#### RECORDS TO USE ####
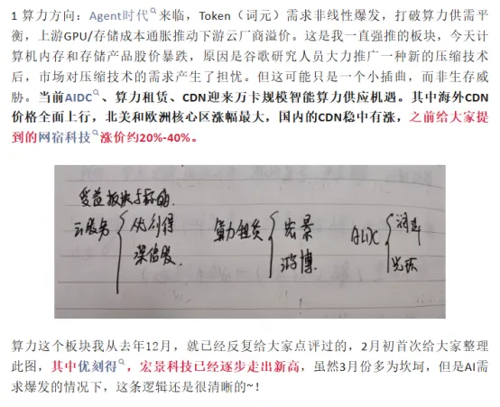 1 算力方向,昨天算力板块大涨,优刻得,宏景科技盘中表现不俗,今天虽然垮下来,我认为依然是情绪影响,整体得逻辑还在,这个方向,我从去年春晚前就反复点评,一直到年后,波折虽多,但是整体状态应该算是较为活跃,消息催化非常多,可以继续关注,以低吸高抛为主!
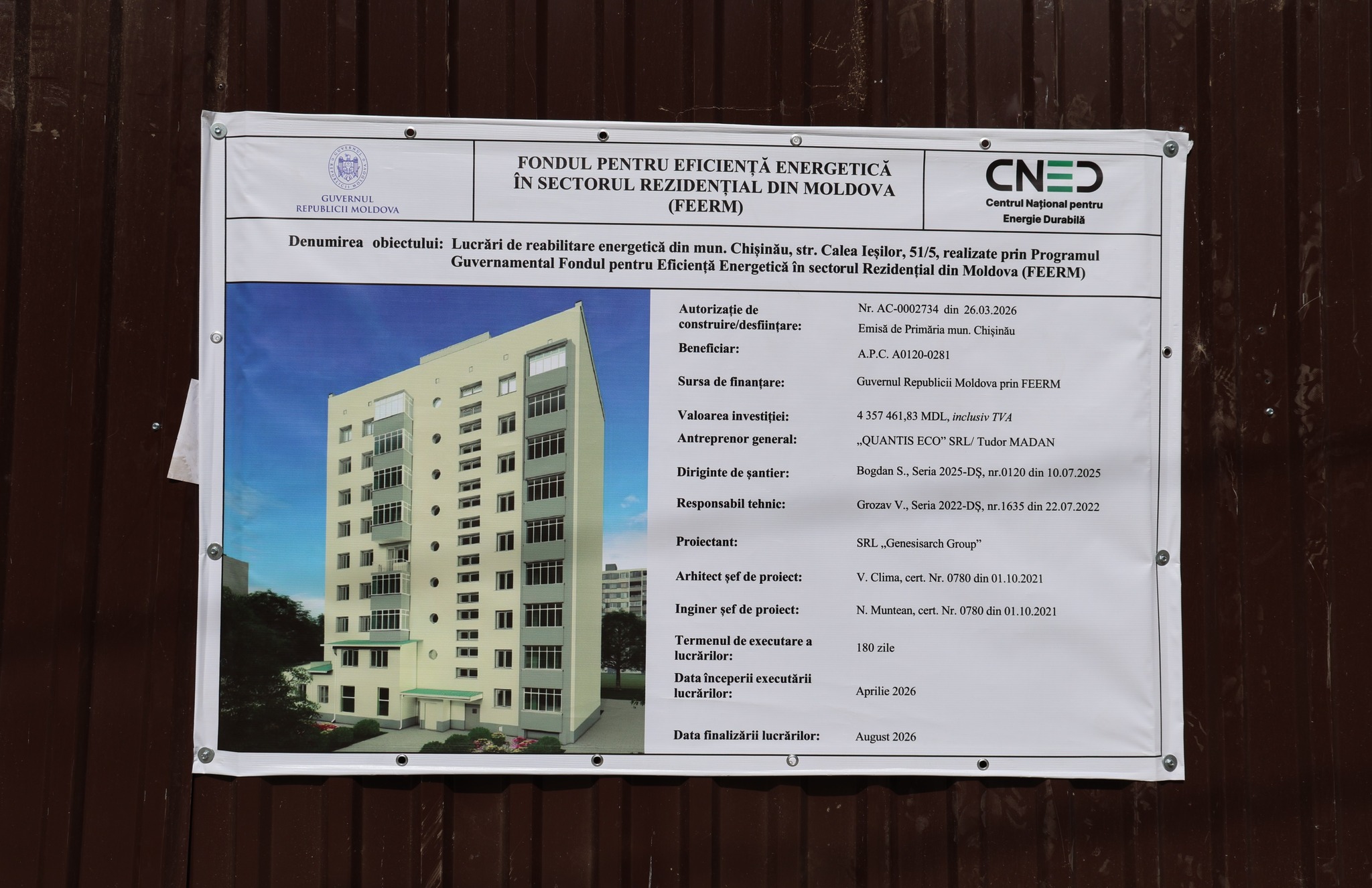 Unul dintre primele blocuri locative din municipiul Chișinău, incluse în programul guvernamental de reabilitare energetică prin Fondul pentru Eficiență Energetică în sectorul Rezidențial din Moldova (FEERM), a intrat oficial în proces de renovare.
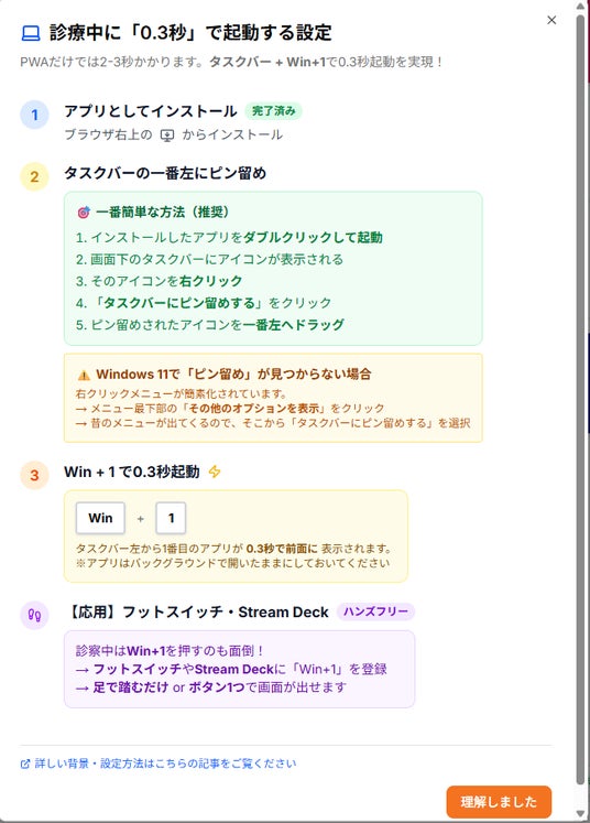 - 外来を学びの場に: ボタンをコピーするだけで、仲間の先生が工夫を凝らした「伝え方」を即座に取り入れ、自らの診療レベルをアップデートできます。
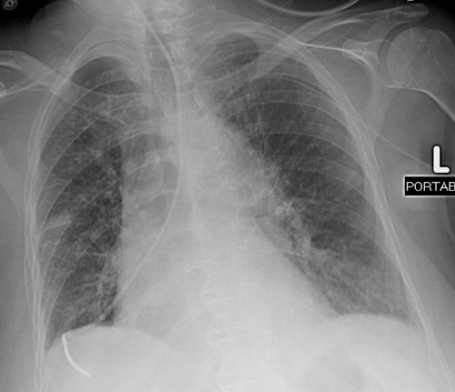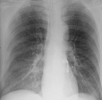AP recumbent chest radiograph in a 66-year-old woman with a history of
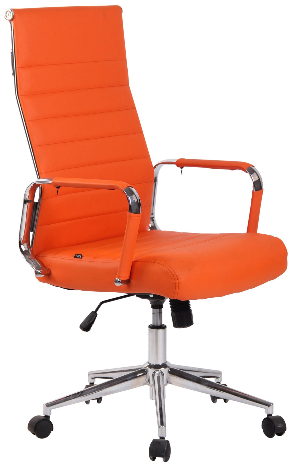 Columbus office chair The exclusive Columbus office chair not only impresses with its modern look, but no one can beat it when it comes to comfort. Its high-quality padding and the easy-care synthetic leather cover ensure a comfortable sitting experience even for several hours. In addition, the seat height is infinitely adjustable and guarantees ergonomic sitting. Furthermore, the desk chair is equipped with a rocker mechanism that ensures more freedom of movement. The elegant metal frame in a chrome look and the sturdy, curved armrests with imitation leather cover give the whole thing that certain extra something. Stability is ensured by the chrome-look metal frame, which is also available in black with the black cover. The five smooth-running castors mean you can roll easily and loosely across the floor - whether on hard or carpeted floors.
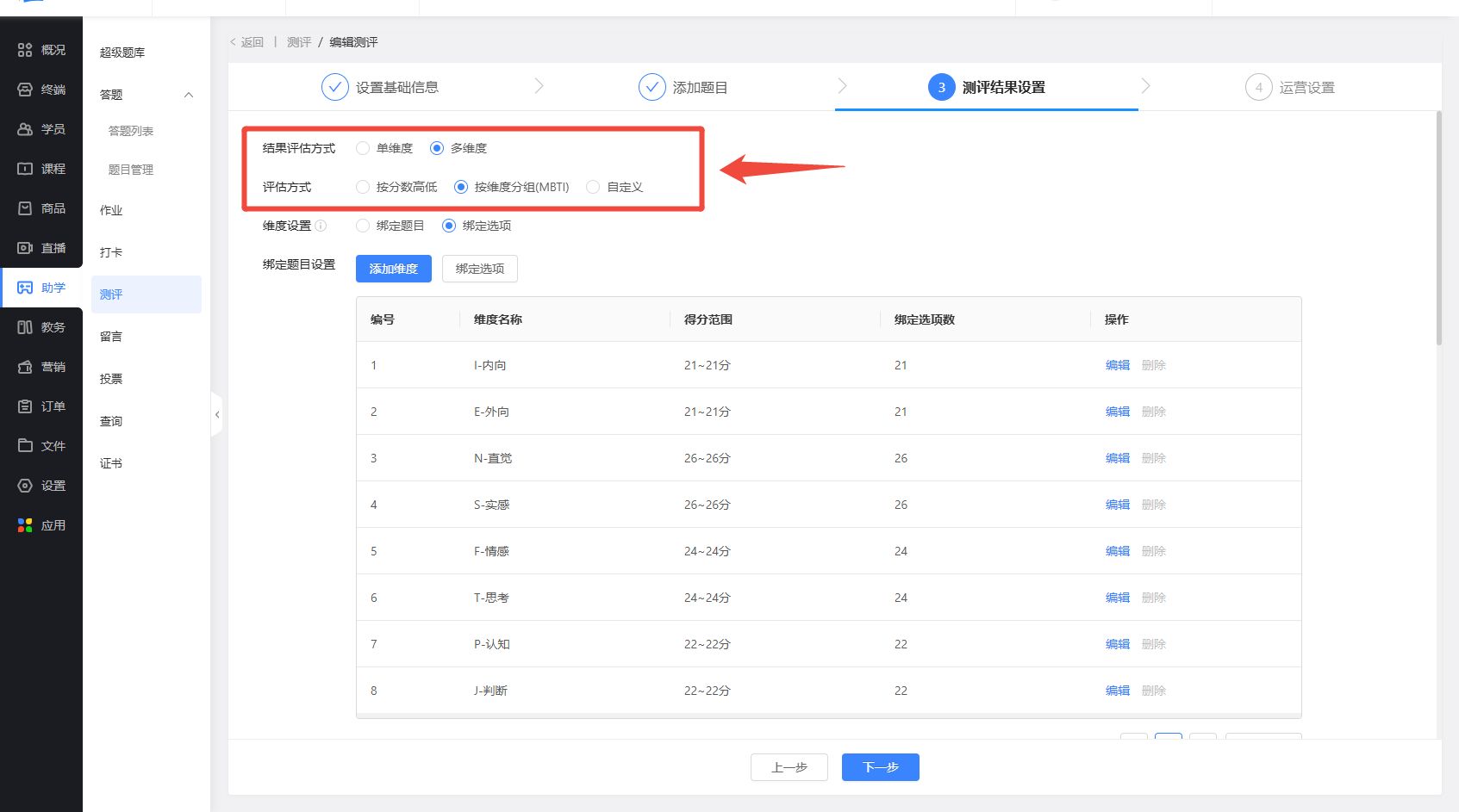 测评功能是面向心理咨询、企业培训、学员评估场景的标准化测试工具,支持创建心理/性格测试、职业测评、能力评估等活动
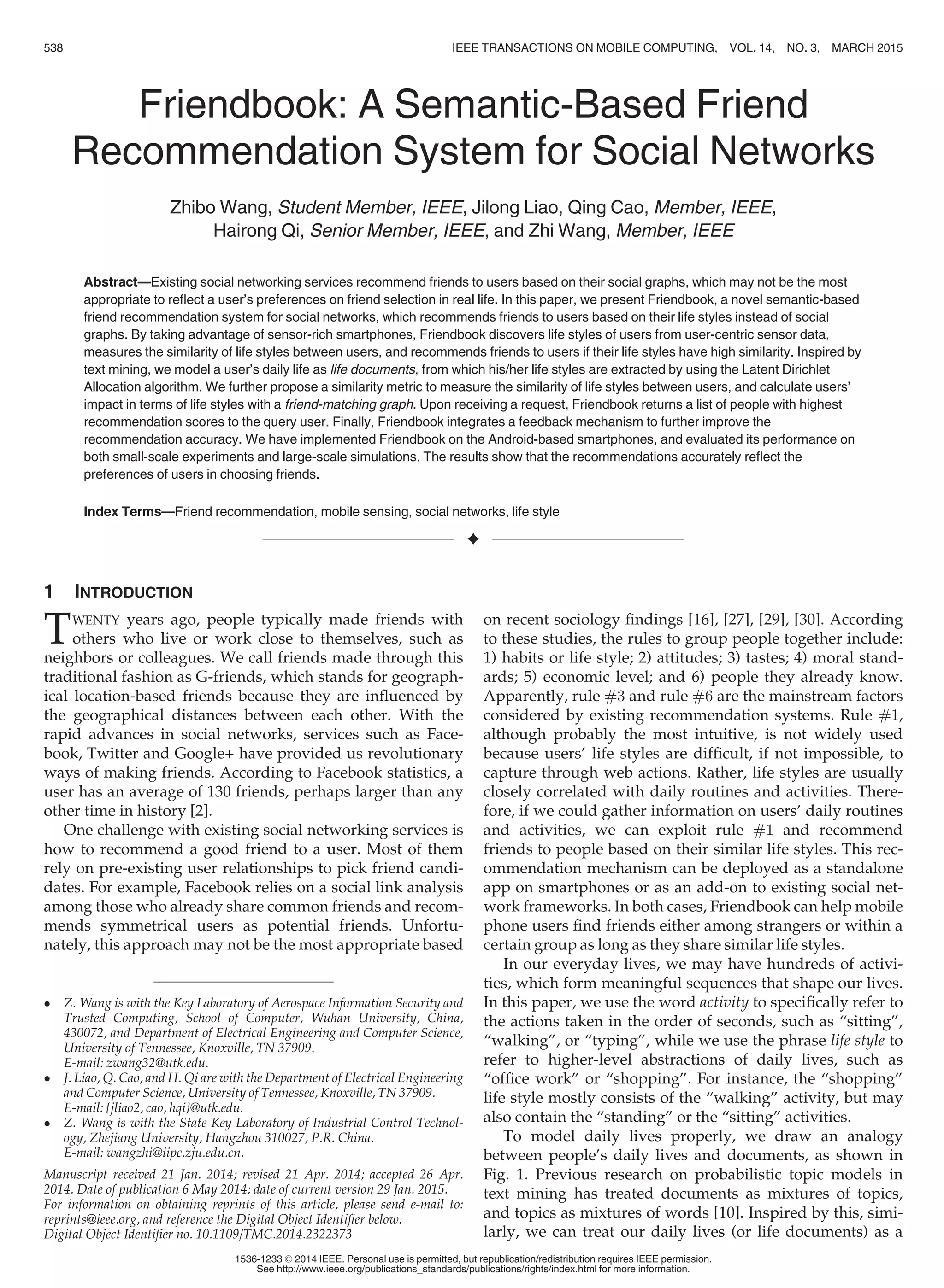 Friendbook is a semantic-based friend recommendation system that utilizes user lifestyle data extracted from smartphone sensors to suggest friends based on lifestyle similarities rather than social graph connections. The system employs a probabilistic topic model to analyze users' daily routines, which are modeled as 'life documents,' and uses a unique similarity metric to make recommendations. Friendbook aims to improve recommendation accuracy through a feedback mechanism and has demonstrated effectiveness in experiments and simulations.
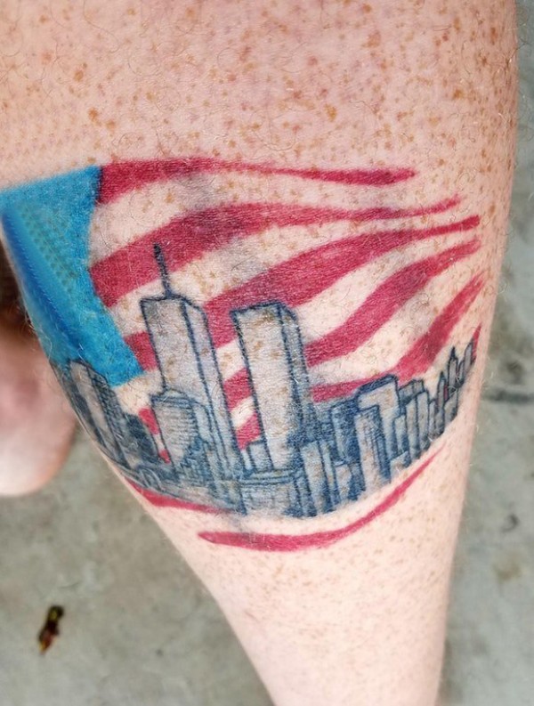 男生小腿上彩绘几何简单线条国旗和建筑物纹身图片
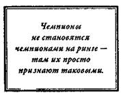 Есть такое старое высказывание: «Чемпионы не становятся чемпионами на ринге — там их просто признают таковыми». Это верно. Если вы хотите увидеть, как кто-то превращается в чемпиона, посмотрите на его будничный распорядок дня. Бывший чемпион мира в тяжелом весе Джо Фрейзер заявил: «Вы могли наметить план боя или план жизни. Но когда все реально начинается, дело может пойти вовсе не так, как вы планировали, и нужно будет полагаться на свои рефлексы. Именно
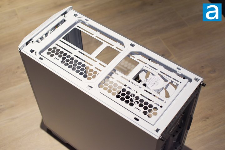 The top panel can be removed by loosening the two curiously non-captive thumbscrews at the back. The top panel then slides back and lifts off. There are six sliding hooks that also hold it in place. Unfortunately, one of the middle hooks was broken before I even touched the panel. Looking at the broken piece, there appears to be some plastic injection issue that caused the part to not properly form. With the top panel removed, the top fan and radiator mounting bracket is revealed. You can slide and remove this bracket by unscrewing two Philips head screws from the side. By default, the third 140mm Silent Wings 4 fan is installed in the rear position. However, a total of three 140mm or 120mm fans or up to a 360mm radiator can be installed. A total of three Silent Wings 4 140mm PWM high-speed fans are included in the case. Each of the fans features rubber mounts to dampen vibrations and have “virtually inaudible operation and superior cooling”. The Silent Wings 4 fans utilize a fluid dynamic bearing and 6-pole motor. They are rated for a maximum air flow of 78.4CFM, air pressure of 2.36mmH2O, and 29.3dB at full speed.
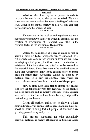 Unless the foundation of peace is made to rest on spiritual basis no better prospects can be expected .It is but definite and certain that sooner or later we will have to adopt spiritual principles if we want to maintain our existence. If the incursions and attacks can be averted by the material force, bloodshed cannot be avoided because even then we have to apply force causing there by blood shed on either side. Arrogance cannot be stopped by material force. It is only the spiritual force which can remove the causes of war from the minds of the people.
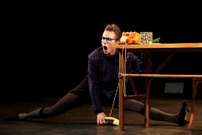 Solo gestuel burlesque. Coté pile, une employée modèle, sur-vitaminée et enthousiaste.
####
▶ **PROMPT**: Only these lines belong in the answer: the first line of the listing above through the line holding "测评功能是面向心理咨询、企业", printed exactly and without pictures.

▶ **EXPECTED ANSWER**:
 1 算力方向,昨天算力板块大涨,优刻得,宏景科技盘中表现不俗,今天虽然垮下来,我认为依然是情绪影响,整体得逻辑还在,这个方向,我从去年春晚前就反复点评,一直到年后,波折虽多,但是整体状态应该算是较为活跃,消息催化非常多,可以继续关注,以低吸高抛为主!
 Unul dintre primele blocuri locative din municipiul Chișinău, incluse în programul guvernamental de reabilitare energetică prin Fondul pentru Eficiență Energetică în sectorul Rezidențial din Moldova (FEERM), a intrat oficial în proces de renovare.
 - 外来を学びの場に: ボタンをコピーするだけで、仲間の先生が工夫を凝らした「伝え方」を即座に取り入れ、自らの診療レベルをアップデートできます。
AP recumbent chest radiograph in a 66-year-old woman with a history of
 Columbus office chair The exclusive Columbus office chair not only impresses with its modern look, but no one can beat it when it comes to comfort. Its high-quality padding and the easy-care synthetic leather cover ensure a comfortable sitting experience even for several hours. In addition, the seat height is infinitely adjustable and guarantees ergonomic sitting. Furthermore, the desk chair is equipped with a rocker mechanism that ensures more freedom of movement. The elegant metal frame in a chrome look and the sturdy, curved armrests with imitation leather cover give the whole thing that certain extra something. Stability is ensured by the chrome-look metal frame, which is also available in black with the black cover. The five smooth-running castors mean you can roll easily and loosely across the floor - whether on hard or carpeted floors.
 测评功能是面向心理咨询、企业培训、学员评估场景的标准化测试工具,支持创建心理/性格测试、职业测评、能力评估等活动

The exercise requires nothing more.